Les Épées de verre 1. Yama

U ne épée dotée d’un étrange pouvoir tombe du ciel et se plante dans la roche sacrée d’un village. De nombreux habitants interprètent l’évènement comme un mauvais présage. Achard, leur chef, y voit un encouragement à prendre les armes et à se révolter contre Orland, leur maître, qui fait régner la terreur en les pillant et en s’appropriant leurs femmes. Par peur d’être massacrée, la foule se retourne contre lui et l’assassine. Arc-en-ciel, son épouse, est livrée au tyran. Ayant assisté au drame, Yama, l’enfant du couple, la seule à avoir pu toucher l’épée sans être vitrifiée, prend la fuite et fait le serment de revenir s’emparer de l’arme et de venger ses parents. Sa route ne tarde pas à croiser celle de Miklos, qui se dit très intéressé par la rapière et lui propose un marché.
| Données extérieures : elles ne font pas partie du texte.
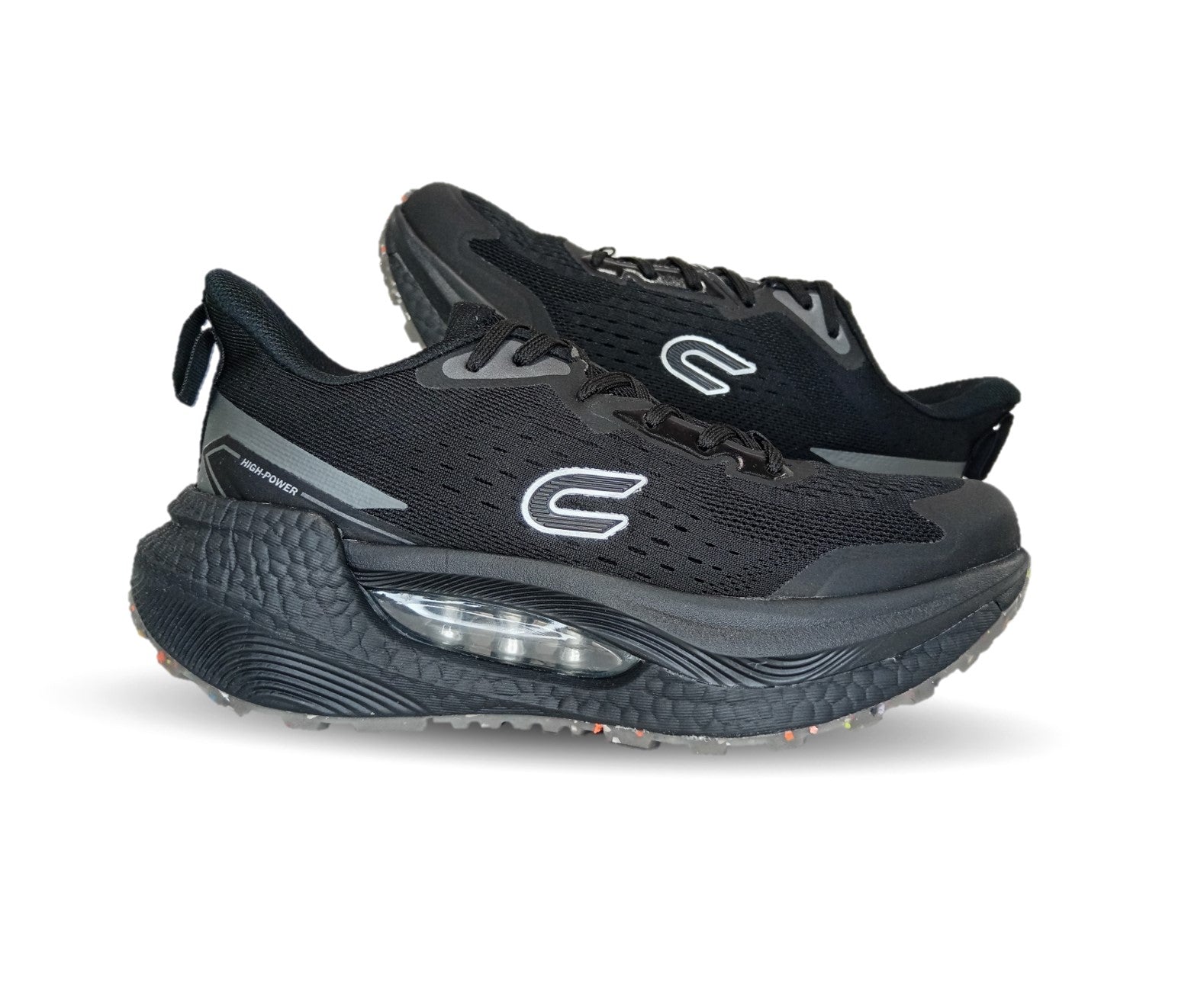 Tenis Deportivo con burbuja de aire y malla transpirable Court 483 Negro/Negro para mujer
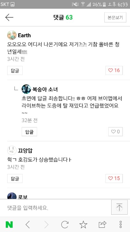 아까 탈작가님이 동우가 언급해주셨다고 블로그에올렸다고해서 가봤더니 댓글반응이ㅋㅋㅋㅋ
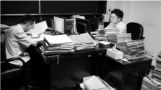晚上8點(diǎn)多的法院燈火通明,辦公室里案卷如山,案卷能夠多到什么程度?比如一件非法吸收公眾存款的案件,受害人數(shù)百上千,單單受害人筆錄有時(shí)候就是好幾推車。纖弱的書記員姑娘往往需要推著小推車輸送案卷,而法官們有時(shí)候則不得不踮著腳尖在辦公室里查閱翻看。
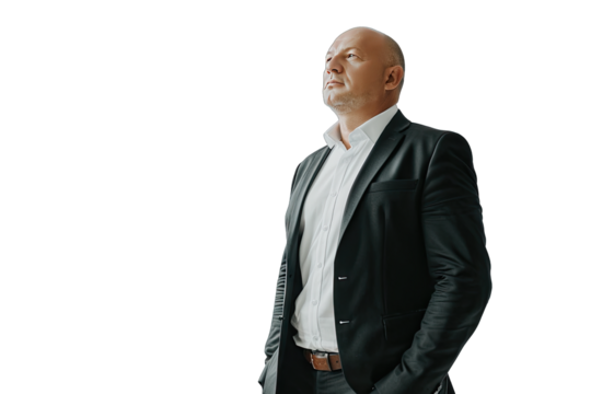 Portrait of a middleaged bald caucasian man with blue eyes, looking directly at the camera, isolated on transparent background
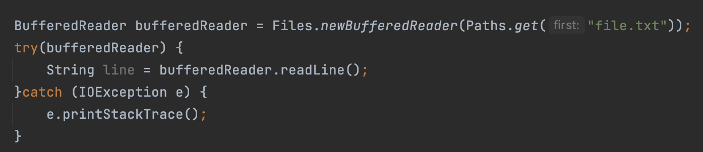 AutoCloseable 를 상속받은 BufferedReader 변수라 가능한 것이다.

Epée enfoncée dans un roc qui ne peut être extraite que par l’élu, déchéance de deux guerriers puissants et respectés, liés par une forte amitié, mais devenus rivaux dans la conquête d’une femme, clé d’une énigme devant être délivrée par la réunion de plusieurs éléments, existence d’une porte qui ouvre vers un monde salvateur, caractère bien trempé d’une jeune héroïne mue par un désir de vengeance mais dont la sensibilité est susceptible de se modifier, mélange de Fantasy, d’Anticipation, de Légendes médiévales,… les impressions de déjà lu ou déjà abordé ne manquent pas à la lecture de ce premier opus. Et pourtant, le récit imaginé par Sylviane Corgiat fonctionne. Sans jamais lasser, il capte l’attention et suscite de plus en plus d’intérêt au fur et à mesure que l’histoire se développe. Le contexte pré-apocalyptique d’une proche extinction du soleil est bien posé. La répétition des dérèglements climatiques de plus en plus fréquents et de plus en plus violents, couplée à l’accélération de l’insertion des flash-backs qui dévoilent la teneur de la prophétie et apportent un éclaircissement sur le passé de Miklos, font monter la tension. Sur le plan humain, la façon dont vont évoluer et vont devoir composer Miklos et Yama, l’un avec l’autre et pour atteindre leurs objectifs intrigue. Enfin, quelques questions taraudent : les épées pourront-elles toutes être extirpées par Yama ou existe-t-il d’autres élus ? Le jeune enfant qui accompagne Arc-en-ciel sur la dernière planche en est-il un ? Est-ce un frère ou une sœur, un demi-frère ou une demi-sœur de Yama ? Comment et dans quelles conditions l’ancienne épouse d’Achard a-t-elle traversé le temps qu’il a fallu à la jeune héroïne pour devenir une jeune femme ?

La partition graphique que livre Laura Zuccheri est remarquable. Réalisée à l’aquarelle (retouchée avec des encres ?), elle retranscrit les émotions et les ambiances avec finesse, délicatesse et précision. Les cases sont travaillées jusqu’aux menus détails et le résultat de la composition de certaines d’entre-elles donne un rendu proche de celui d’une photographie. Les cadrages sont très variés, les paysages de toute beauté, quelle que soit la saison. La couverture de l’album fait instantanément penser à du Léo. Les planches visitées, l’élégance du bestiaire confirme cette impression.

Au-delà du sentiment de déjà-vu qu’il peut susciter de prime abord, ce premier opus des Epées de verre, qui joue sur le registre d’un mélange des genres, s’avère vite être très bien construit, rondement mené et illustré avec une telle virtuosité que le lecteur est rapidement accroché et suffisamment intrigué pour éprouver le désir de soutenir les auteurs et de poursuivre l’aventure. Une découverte prometteuse, à lire et à suivre!